Much of Garcia’s lawsuit hinges on the belief that Grossbard is really the power in City Hall. But Grossbard, who runs his family’s diamond business in midtown Manhattan, called the accusations despicable.
“To the comments about whether or not my wife is running the city, I think they’re incredibly offensive, I think they’re sexist, and I think the people who spread those kinds of insulting sexist lies should be ashamed of themselves,” he said.
He also expressed his view that Zimmer’s gender often opens her to baseless criticism.
“My wife is the mayor of Hoboken and she’s been a fantastic mayor of Hoboken, and I don’t think that this type of silliness would even be on the table if she were a man,” he said.
He noted that he did not initate the lunch, nor was he the one that recorded it. He said he often rubs elbows with Hoboken politicos, if for no other reason than that sometimes they want to gauge his opinion on his wife’s views.
“This was not my lunch. The agenda was his; not mine,” he said. “Being in politics, you understand it's a family affair. Dawn’s political career is something that is up to our entire family to make work. It’s a very big part of my life and it’s a very big part of my children’s lives. It’s pretty overwhelming.”

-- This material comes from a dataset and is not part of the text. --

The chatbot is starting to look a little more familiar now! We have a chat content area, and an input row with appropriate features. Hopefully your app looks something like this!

Was the recording ethical?
Despite directing most questions to Zayas, Garcia issued a statement on Thursday night defending his recording the conversation, and his decision to file suit.

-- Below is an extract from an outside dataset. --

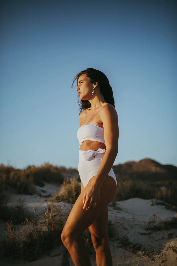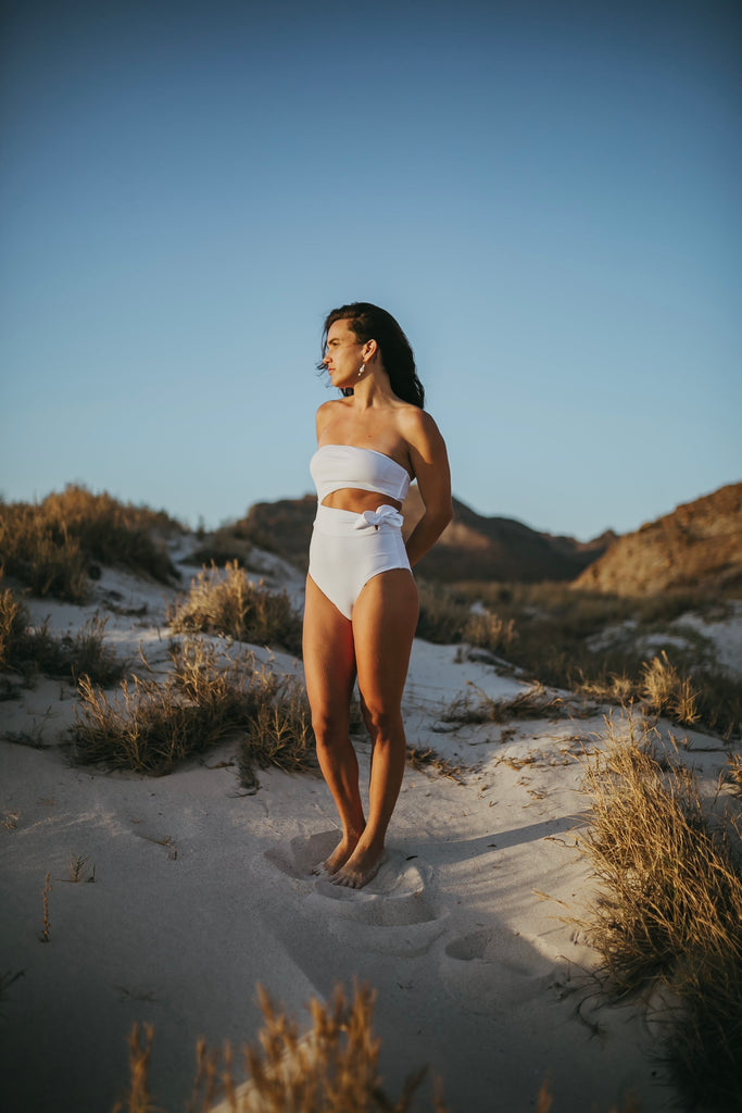The Adela is one of the pieces from the summer 2023 collection. One-piece model with a band at the waist, to accentuate your figure. Moldable to the body. Bust with removable padding. Fully lined.

“The egregious actions by [Zimmer], her husband/de facto chief of staff [Grossbard], and [Stuiver] left no other option except for legal recourse to remedy the hostile environment that they have created through coercion, intimidation, harassment, and political corruption,” said the statement.
“I refuse to allow Mayor Zimmer to continue with her racially biased social agenda that has affected numerous Hoboken residents to this date,” the statement continues. “It's time to expose their hypocrisy and tell my story, so look forward to my day in court to expose these horrific wrongdoings and have justice prevail not only for myself, but for all the residents of Hoboken.”
Zayas responded to a question about whether voters in the 33rd legislative district should care about Garcia taping the conversation, saying, “The fact that he had to record people means that the problem was pervasive.”
Asked if he thought the matter would come to litigation, Zayas said that he thought the suit itself might be enough to cease Zimmer’s alleged harassment.
“My experience in this case is that when a lawsuit like this is filed, the harassment stops,” he said. “My opinion is that he’s a whistleblower. I admire Mr. Garcia for doing what he did. I think it took courage.”
Both the transcript and the lawsuit pose interesting questions about the state of Hoboken politics: Is there any wrongdoing on either side that rises to the level of criminality, or is it just typical dirty Hoboken politics that is slowing down an agency meant to preserve the quality of life for the city’s poorest residents? Is the Zimmer administration, which touts itself as being anti-corruption, getting too involved in an agency that is by law supposed to be autonomous, or is it simply trying to change yesteryear politics and meeting staunch resistance? Is Garcia being persecuted by City Hall, or is he having trouble adjusting to his new role as the odd man out in a political milieu that he once controlled?
The answers seem to depend on which political side a person is on.
Kenny had planned to speak on the record regarding his involvement in the lunch, but was forced into emergency surgery on Thursday morning to correct a detached retina. Reached by phone on Wednesday night, the former state senator offered just one thought.
“Mr. Garcia's actions and words speak for themselves,” he said.